> DATA BELOW:

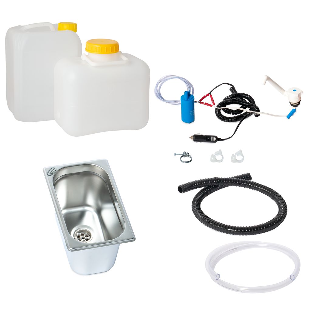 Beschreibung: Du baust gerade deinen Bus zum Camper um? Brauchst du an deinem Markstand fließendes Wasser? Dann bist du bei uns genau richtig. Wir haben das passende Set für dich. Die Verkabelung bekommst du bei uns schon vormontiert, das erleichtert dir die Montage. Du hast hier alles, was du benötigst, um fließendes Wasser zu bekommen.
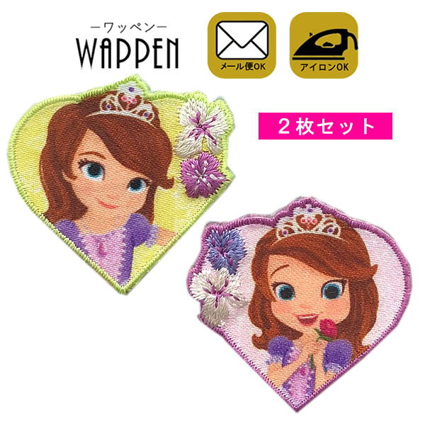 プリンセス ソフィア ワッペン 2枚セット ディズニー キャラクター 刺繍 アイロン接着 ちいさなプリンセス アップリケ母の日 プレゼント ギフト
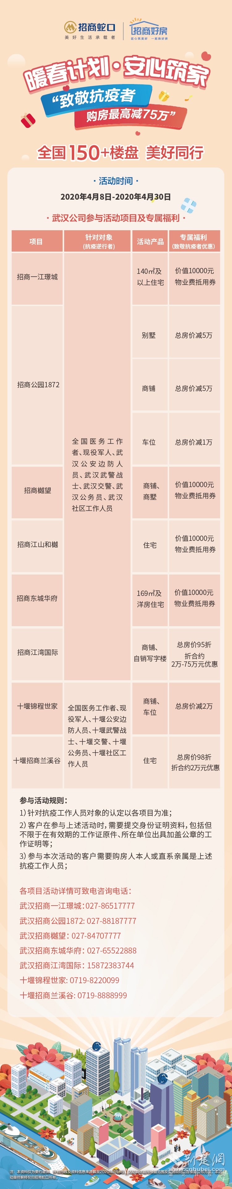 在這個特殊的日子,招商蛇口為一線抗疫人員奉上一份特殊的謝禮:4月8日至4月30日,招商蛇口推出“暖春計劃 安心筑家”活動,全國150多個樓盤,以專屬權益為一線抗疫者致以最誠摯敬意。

> REQUIRED WORK:
To complete the exercise, return the listing above exactly and omit its pictures.

> RESULT:
 Beschreibung: Du baust gerade deinen Bus zum Camper um? Brauchst du an deinem Markstand fließendes Wasser? Dann bist du bei uns genau richtig. Wir haben das passende Set für dich. Die Verkabelung bekommst du bei uns schon vormontiert, das erleichtert dir die Montage. Du hast hier alles, was du benötigst, um fließendes Wasser zu bekommen.
 プリンセス ソフィア ワッペン 2枚セット ディズニー キャラクター 刺繍 アイロン接着 ちいさなプリンセス アップリケ母の日 プレゼント ギフト
 在這個特殊的日子,招商蛇口為一線抗疫人員奉上一份特殊的謝禮:4月8日至4月30日,招商蛇口推出“暖春計劃 安心筑家”活動,全國150多個樓盤,以專屬權益為一線抗疫者致以最誠摯敬意。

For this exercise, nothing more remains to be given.